» **EXERCISE AIM**:
Up to and including the line holding "Flowers Playboy Sports", write out the data exactly from its first line, but not the pictures.

::: SOURCE DATA

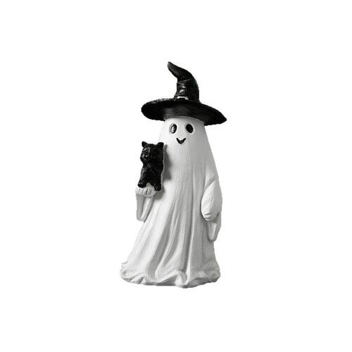 Material: Resina Tamanho: 8 cm × 7 cm × 17 cm Peso: 220 g ['Charming Ghost and Cat Design — Esta escultura de resina apresenta um fantasma branco sorridente usando um chapéu de bruxa preto e segurando um gatinho, adicionando uma atmosfera extravagante de Halloween à sua casa ou jardim. ', 'Material de resina durável — Feita de resina de qualidade premium, esta estátua de jardim é à prova d'água, resistente às intempéries e perfeita para decorações de Halloween internas e externas. ', 'Perfect Garden Accent — Coloque essa figura fantasma em seu pátio, gramado, quintal ou entrada para criar uma atmosfera sazonal divertida e assustadora que encanta crianças e adultos. ', 'Detalhes artesanais — As texturas cuidadosamente pintadas e os detalhes finos do manto e do chapéu do fantasma dão vida à escultura, mostrando um artesanato excepcional. ', 'Tamanho decorativo compacto — Medindo 8 × 7 × 17 cm e pesando 220 g, esta figura cabe facilmente em mesas, prateleiras ou jardins para uma exibição fofa e atraente.']
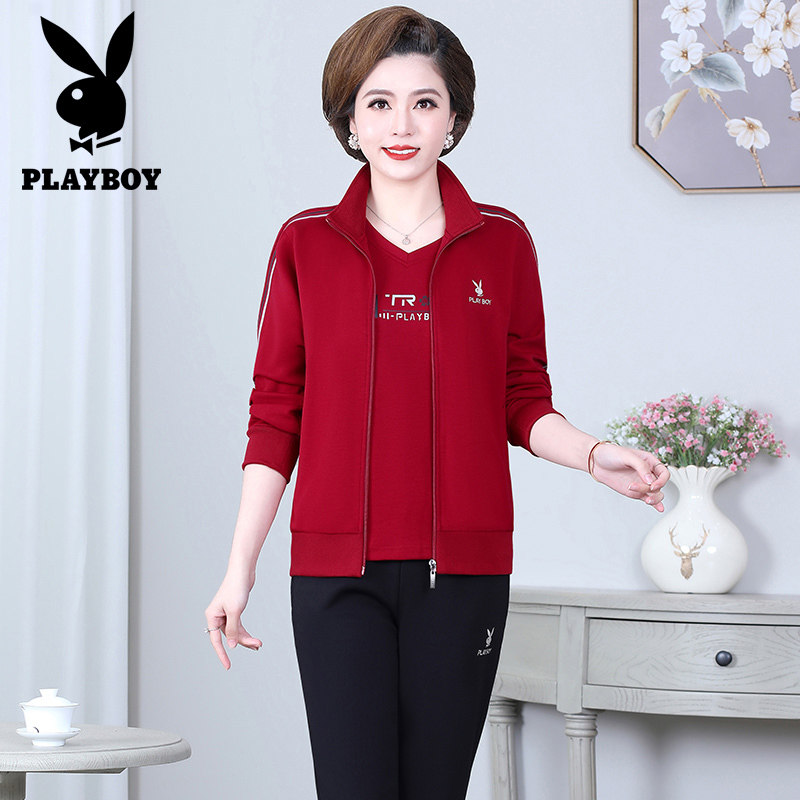 Flowers Playboy Sports Suit Women's Mother Clothing Cotton Spring Autumn Money Long Sleeves Thick Cotton T Loose Casual Middle Aged 2 pieces
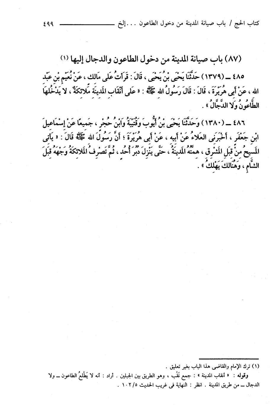 485 - (1379) حَدَّثَنَا يَحْيَى بْنُ يَحْيَى، قَالَ: قَرَأْتُ عَلى مَالِكٍ، عَنْ نُعَيْمِ بْنِ عَبْدِ اللهِ، عَنْ أَبِى هُرَيْرَةَ، قَالَ: قَالَ رَسُولُ اللهِ صَلَّى اللهُ عَلَيْهِ وَسَلَّمَ: " عَلى أَنْقَابِ المَدِينَةِ مَلائِكَةٌ، لا يَدْخُلهَا الطَّاعُونُ ولا الدَّجَّالُ ".
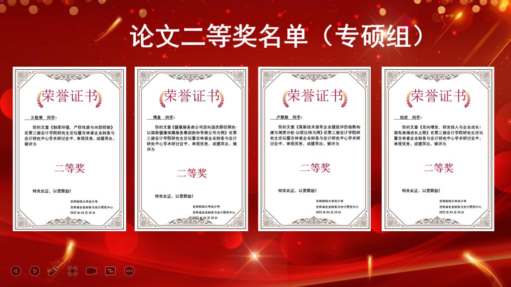 会计学院此次研究生学术活动历时4个多月,共收到参会论文44篇。经过学院8名青年博士教师从论文结构、语言表达和研究深度三个方面匿名盲评,最终筛选出投稿论文总量的60%(26篇论文)进行交流汇报,学硕11篇,专硕15篇。学术论坛交流中,会计学院8名青年博士教师作为评委再次从论文选题、论文结构、语言表达与PPT制作四个方面现场打分,最终评选出学硕组一等奖1名、二等奖3名、三等奖7名;专硕组一等奖2名、二等奖4名、三等奖9名。
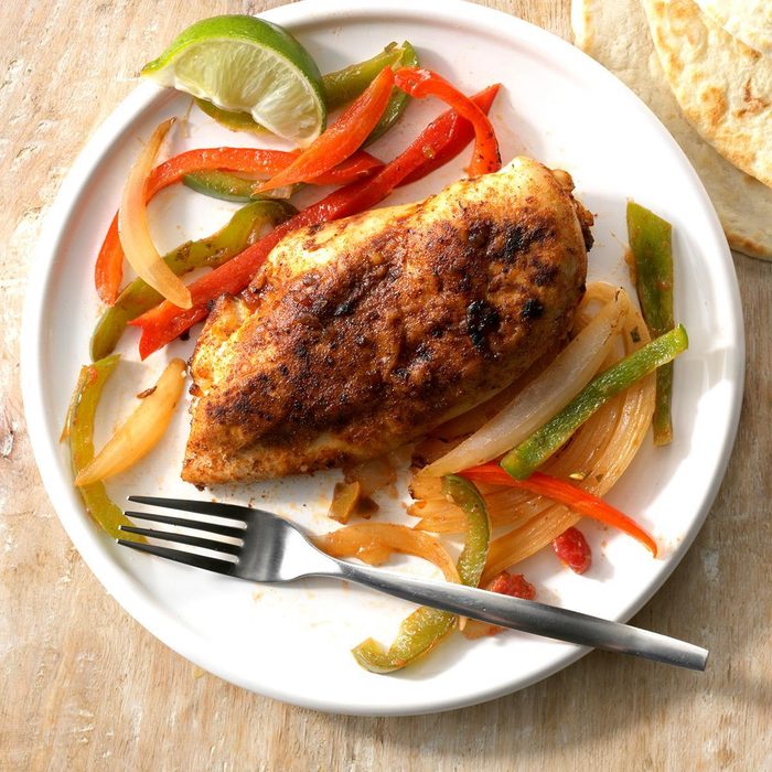 This quick and healthy chicken and peppers recipe tastes like a naked taco and is bursting with fresh flavors. And it can all be prepared in the same pan for easy cleanup—it’s a win-win! —Doris Heath, Franklin, North Carolina
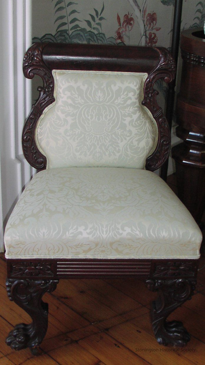 Upolstered side chair in rococo-revival style; faded mint green upholstery with griffin carving head to feet on front legs, feet on wheels.Collection
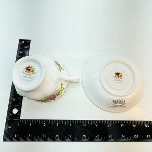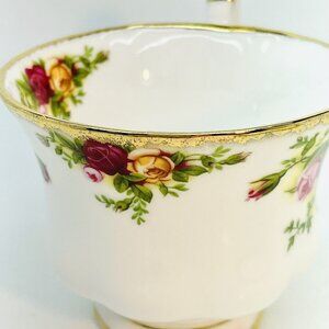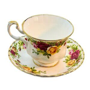 Gilded Cup & Saucer Set In Classic Royal Albert OLD COUNTRY ROSES Pattern. Porcelain Fine Bone China Approximate SizeCup 4.5" Wide With The Handle 3.5" Tall 3.5" Diameter At The Top. Saucer 5.5" Diameter 1" Tall.
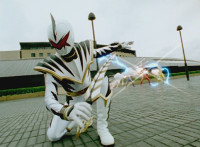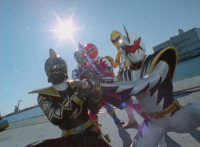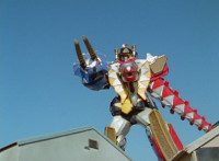 The Rangers bring their special weapons together and create the Super Z-Rex Blaster (with both Brachio Staff and White Dragon Sword). |
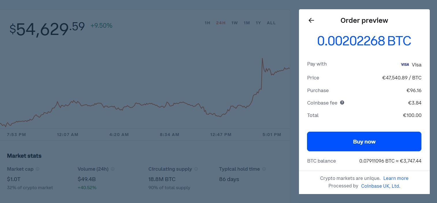 Si vous décidez de payer avec une carte de crédit ou de débit, vous devez chercher Bitcoin dans la liste des cryptos. Après l’avoir trouvé, ouvrez la page et entrez le montant que vous souhaitez acheter (en BTC ou en fiat). Ensuite, un aperçu de votre commande s’affichera sur votre écran et vous pourrez y retrouver les frais de l’exchange (voir l’image ci-dessous). Les frais sont soustraits du montant total que vous avez entré. Il s’agit là de l’un des frais les plus simples et les plus bas de tous les exchanges crypto où vous pouvez acheter des bitcoins.

::::::

» **SOLUTION TO THE PROBLEM**:
 Material: Resina Tamanho: 8 cm × 7 cm × 17 cm Peso: 220 g ['Charming Ghost and Cat Design — Esta escultura de resina apresenta um fantasma branco sorridente usando um chapéu de bruxa preto e segurando um gatinho, adicionando uma atmosfera extravagante de Halloween à sua casa ou jardim. ', 'Material de resina durável — Feita de resina de qualidade premium, esta estátua de jardim é à prova d'água, resistente às intempéries e perfeita para decorações de Halloween internas e externas. ', 'Perfect Garden Accent — Coloque essa figura fantasma em seu pátio, gramado, quintal ou entrada para criar uma atmosfera sazonal divertida e assustadora que encanta crianças e adultos. ', 'Detalhes artesanais — As texturas cuidadosamente pintadas e os detalhes finos do manto e do chapéu do fantasma dão vida à escultura, mostrando um artesanato excepcional. ', 'Tamanho decorativo compacto — Medindo 8 × 7 × 17 cm e pesando 220 g, esta figura cabe facilmente em mesas, prateleiras ou jardins para uma exibição fofa e atraente.']
 Flowers Playboy Sports Suit Women's Mother Clothing Cotton Spring Autumn Money Long Sleeves Thick Cotton T Loose Casual Middle Aged 2 pieces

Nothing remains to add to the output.